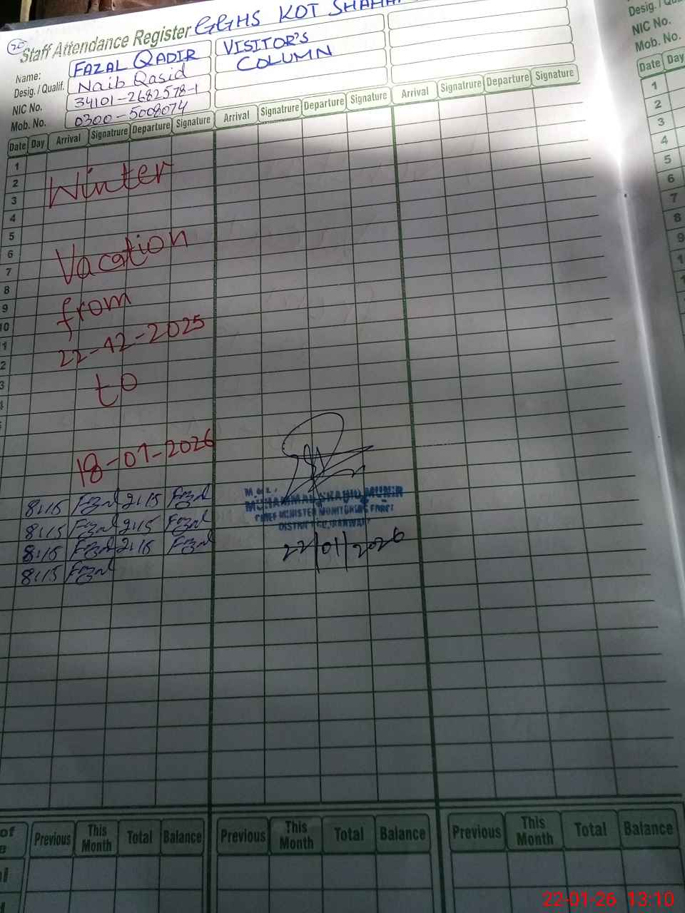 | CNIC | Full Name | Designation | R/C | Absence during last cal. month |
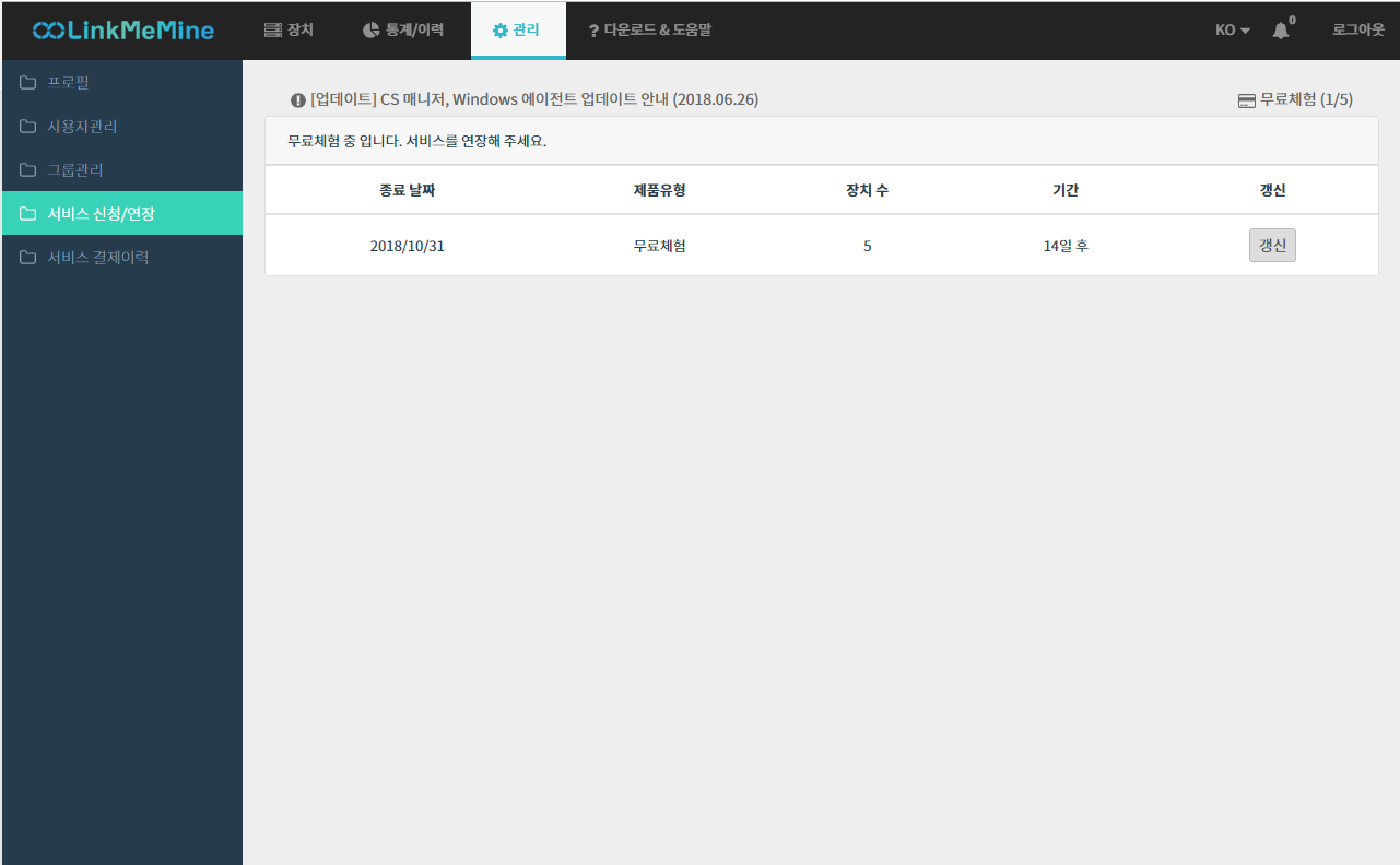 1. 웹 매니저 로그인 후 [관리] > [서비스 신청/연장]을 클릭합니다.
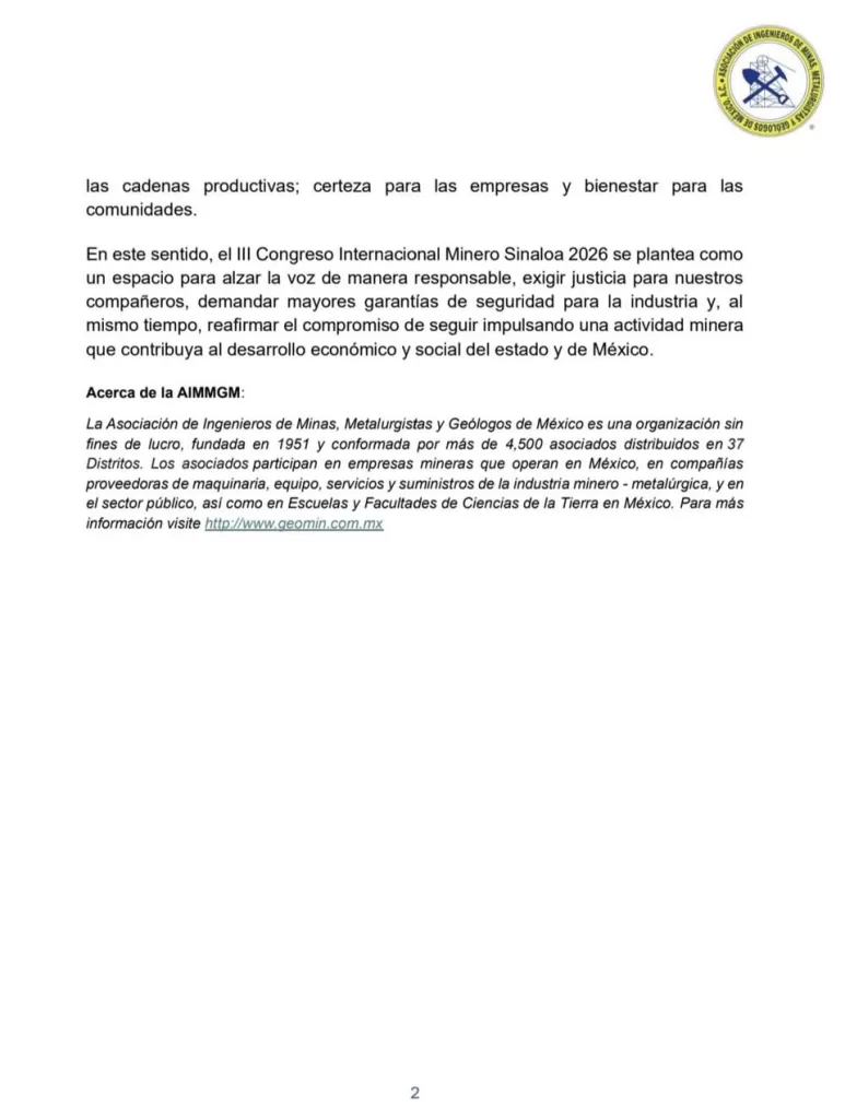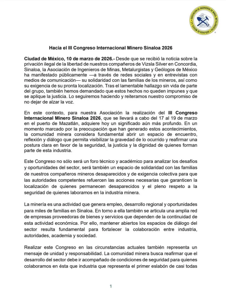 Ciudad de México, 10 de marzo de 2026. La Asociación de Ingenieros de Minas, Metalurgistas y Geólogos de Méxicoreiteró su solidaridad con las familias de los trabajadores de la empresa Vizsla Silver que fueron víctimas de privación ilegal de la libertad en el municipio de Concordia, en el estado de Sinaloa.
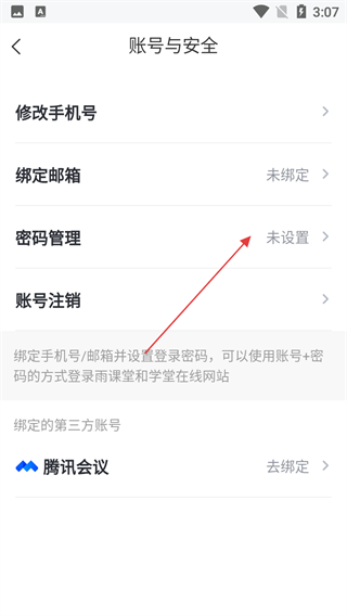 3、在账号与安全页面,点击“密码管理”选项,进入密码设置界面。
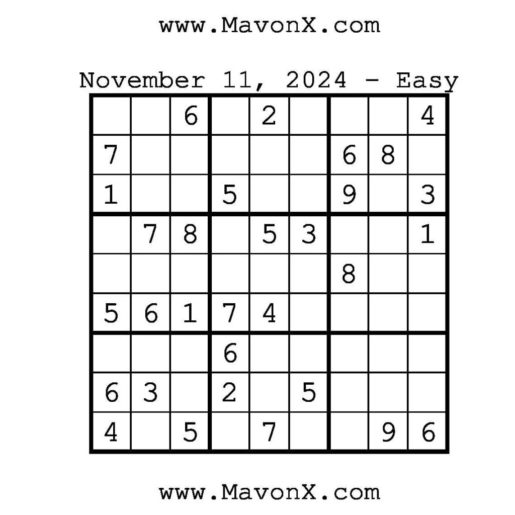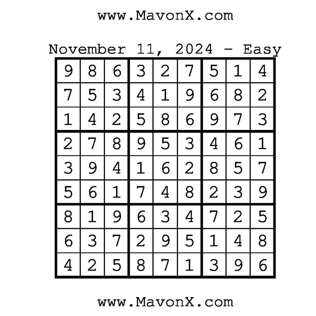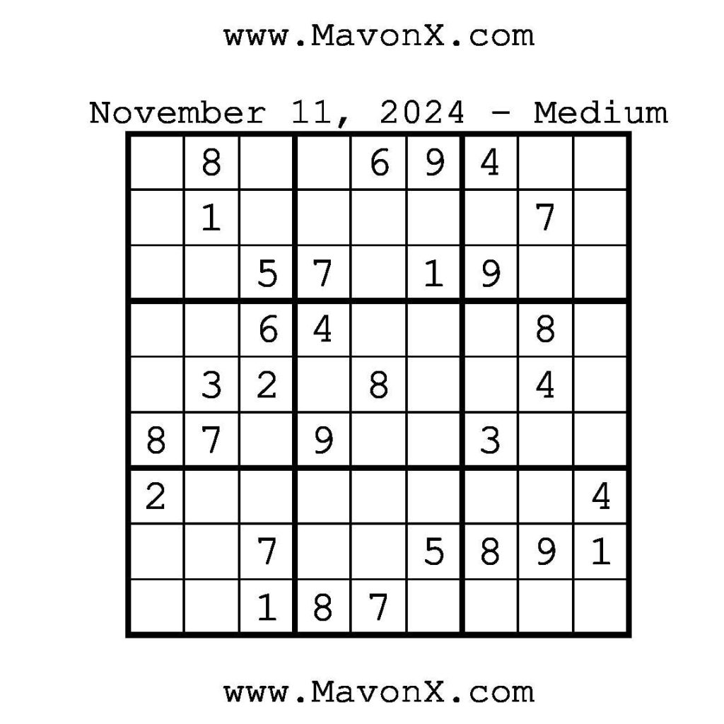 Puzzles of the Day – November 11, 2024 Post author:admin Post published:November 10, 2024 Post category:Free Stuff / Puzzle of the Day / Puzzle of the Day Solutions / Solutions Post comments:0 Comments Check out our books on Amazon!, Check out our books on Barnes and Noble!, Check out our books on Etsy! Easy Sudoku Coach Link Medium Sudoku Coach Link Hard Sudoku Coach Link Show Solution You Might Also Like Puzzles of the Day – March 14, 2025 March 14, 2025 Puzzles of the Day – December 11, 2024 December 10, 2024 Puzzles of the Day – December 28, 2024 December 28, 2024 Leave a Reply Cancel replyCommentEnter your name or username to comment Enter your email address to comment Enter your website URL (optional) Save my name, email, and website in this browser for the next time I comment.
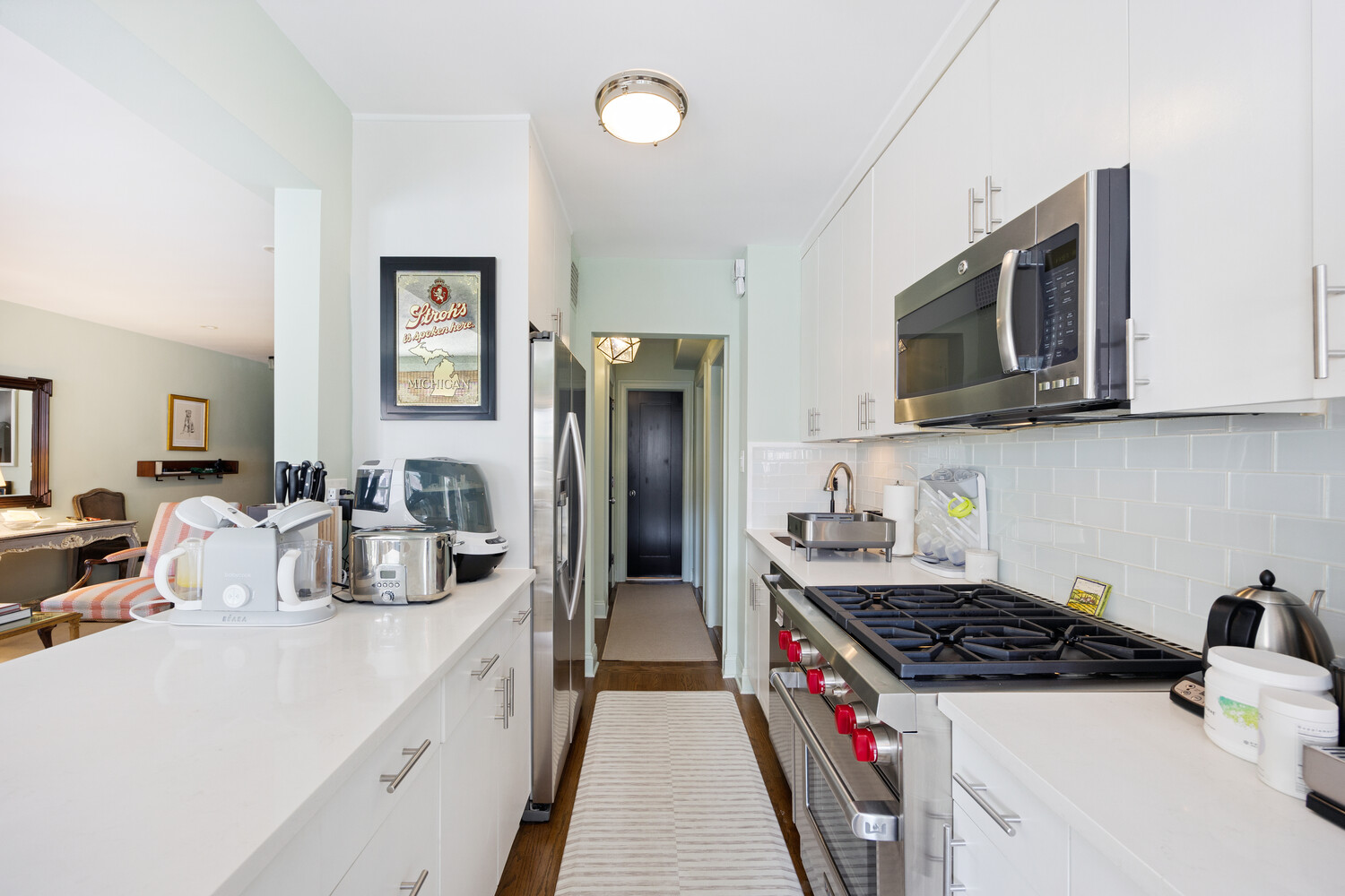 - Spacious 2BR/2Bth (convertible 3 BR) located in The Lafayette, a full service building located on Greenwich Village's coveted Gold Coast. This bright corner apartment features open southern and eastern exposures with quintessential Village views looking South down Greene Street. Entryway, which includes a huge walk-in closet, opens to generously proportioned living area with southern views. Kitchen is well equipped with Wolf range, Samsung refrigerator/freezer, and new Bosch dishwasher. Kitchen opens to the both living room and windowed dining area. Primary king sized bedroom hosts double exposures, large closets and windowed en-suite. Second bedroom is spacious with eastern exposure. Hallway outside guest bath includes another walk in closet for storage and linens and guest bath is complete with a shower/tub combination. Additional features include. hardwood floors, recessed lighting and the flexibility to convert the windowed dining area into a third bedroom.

[EXERCISE OBJECTIVE]
Make a word-for-word copy of the records above, excluding all pictures.

[EXERCISE SOLUTION]
 | CNIC | Full Name | Designation | R/C | Absence during last cal. month |
 1. 웹 매니저 로그인 후 [관리] > [서비스 신청/연장]을 클릭합니다.
 Ciudad de México, 10 de marzo de 2026. La Asociación de Ingenieros de Minas, Metalurgistas y Geólogos de Méxicoreiteró su solidaridad con las familias de los trabajadores de la empresa Vizsla Silver que fueron víctimas de privación ilegal de la libertad en el municipio de Concordia, en el estado de Sinaloa.
 3、在账号与安全页面,点击“密码管理”选项,进入密码设置界面。
 Puzzles of the Day – November 11, 2024 Post author:admin Post published:November 10, 2024 Post category:Free Stuff / Puzzle of the Day / Puzzle of the Day Solutions / Solutions Post comments:0 Comments Check out our books on Amazon!, Check out our books on Barnes and Noble!, Check out our books on Etsy! Easy Sudoku Coach Link Medium Sudoku Coach Link Hard Sudoku Coach Link Show Solution You Might Also Like Puzzles of the Day – March 14, 2025 March 14, 2025 Puzzles of the Day – December 11, 2024 December 10, 2024 Puzzles of the Day – December 28, 2024 December 28, 2024 Leave a Reply Cancel replyCommentEnter your name or username to comment Enter your email address to comment Enter your website URL (optional) Save my name, email, and website in this browser for the next time I comment.
 - Spacious 2BR/2Bth (convertible 3 BR) located in The Lafayette, a full service building located on Greenwich Village's coveted Gold Coast. This bright corner apartment features open southern and eastern exposures with quintessential Village views looking South down Greene Street. Entryway, which includes a huge walk-in closet, opens to generously proportioned living area with southern views. Kitchen is well equipped with Wolf range, Samsung refrigerator/freezer, and new Bosch dishwasher. Kitchen opens to the both living room and windowed dining area. Primary king sized bedroom hosts double exposures, large closets and windowed en-suite. Second bedroom is spacious with eastern exposure. Hallway outside guest bath includes another walk in closet for storage and linens and guest bath is complete with a shower/tub combination. Additional features include. hardwood floors, recessed lighting and the flexibility to convert the windowed dining area into a third bedroom.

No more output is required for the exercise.